Papier Tigre - Recreation Troisième album pour les Nantais de Papier Tigre. Et le moins que l'on puisse dire c'est que la formule fonctionne à plein sur ce Recreation, chantre d'une mécanique math, power pop à l'énergie créatrice. On les avait quittés avec "l'infant" noisy The beginning and end of now qui révélait la puissance d'un trio technique, on retrouve ici une œuvre aiguisée, fruit d'une production plus propre et d'un travail mélodique mis en avant.

On attaque par le single "Home Truth", puissant, qui, parfois impatient, semble brûler un peu les étapes, pressé d'en découdre d'une certaine manière.

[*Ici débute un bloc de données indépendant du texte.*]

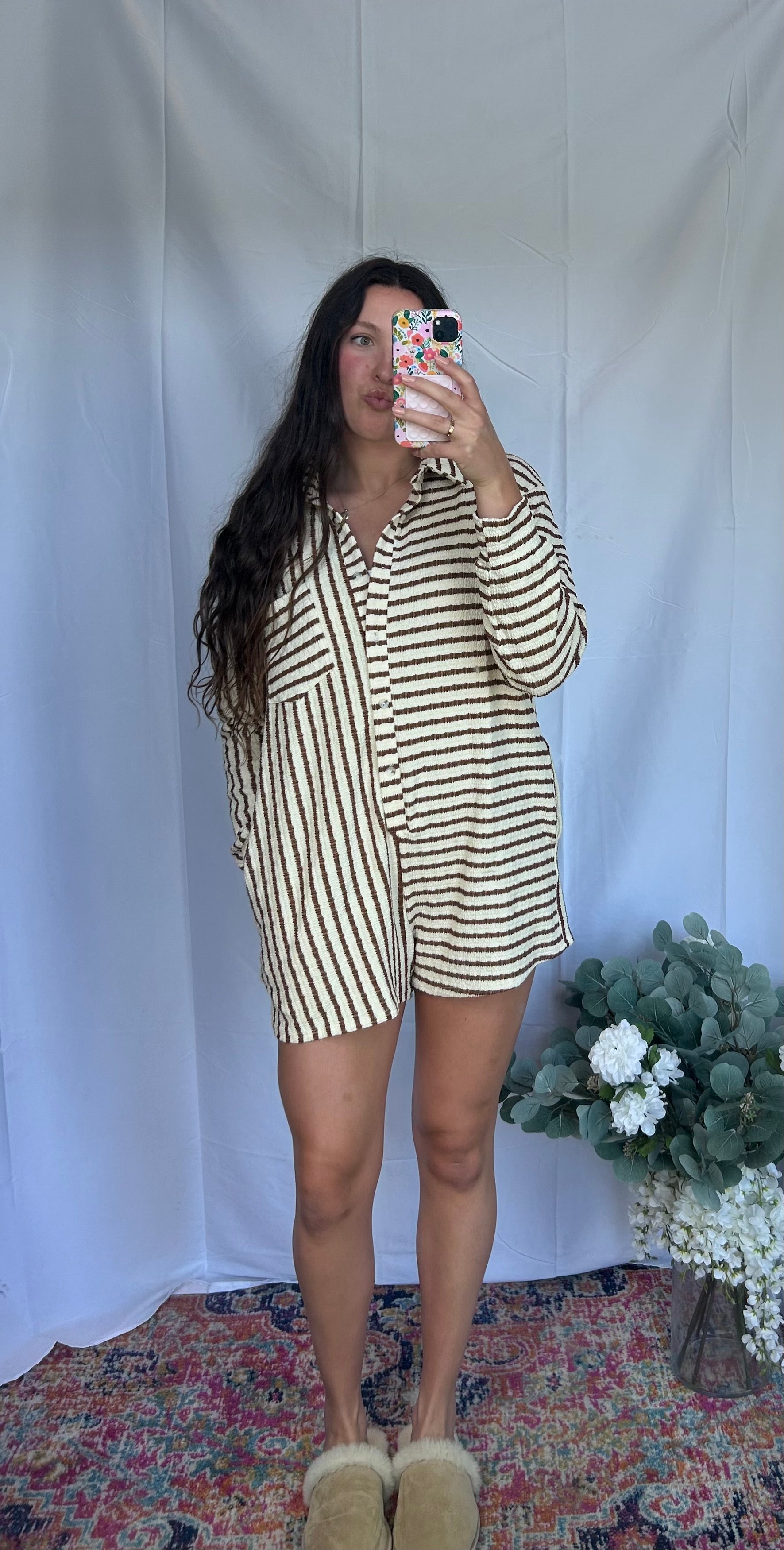 Collared with long sleeves and a drop shoulder. Raw edge details featuring a chest pocket. Oversized fit, with size chart in pictures. Model is wearing a large.

Si le pont laisse présager une ouverture vers un temps, un rythme plus aérien, bien rapidement la ferveur du trio reprend le dessus. "This and that and more of this and that" se construit autour d'un riff semblable à une ritournelle écourtée, empêchée. On retient l'énergie d'un morceau aux couleurs presque exotiques par endroits, en tous cas résolument optimistes. "Demands" et dans une moindre mesure "Parent neighbours" empruntent ces mêmes sentiers, tout juste défrichés, avec finesse.

"The later reply" s'ouvre sur une embardée sourde, très Battles. Proche dans sa construction des productions de 31 Knots, le morceau se compose de trois chapitres bien distincts, comme de longues tirades sous forme d'extasiants. La guitare en son clair laisse échapper des trilles salvatrices. Et ce chant incantatoire : If I'm going somewhere would this be better ?!... qui s'achève dans un brasier sonore abrupte. Cette piste figure comme la forme aboutie de la brouillonne "I'm someone who dies".

Et on en vient au deux sommets de cet album : "Chimera" et "Afternoons".
La première laisse éclater le talent de composition de groupe, sans jamais toutefois abandonner la puissance qui en fait la marque de fabrique. Accords augmentés en son clair, croisés guitares-voix et un thème d'une précision éclatante, comme des notes suspendues, dont au hasard, quelque-unes auraient été passées sous silence. La seconde se dévoile dans une introduction parfaite. La deuxième guitare rentre, d'abord discrète, avant de sonner la charge. Le chant n'est pas forcé, coïncide avec des contre-chants inédits. Le refrain explose dans une saillie enragée très Deftones.

"Wandering cage" clôture l'album avec ses mimiques guitare-voix confondantes "get up and go... " dans une libre improvisation aux teintes finalement plutôt sombres, qui laisse penser à un Blues-calypso des temps modernes. Certainement un des meilleurs albums de 2012 en rock français, exigeant et devrait-on presque s'excuser "créatif", signé d'un groupe qui allie désormais parfaitement le style et la puissance.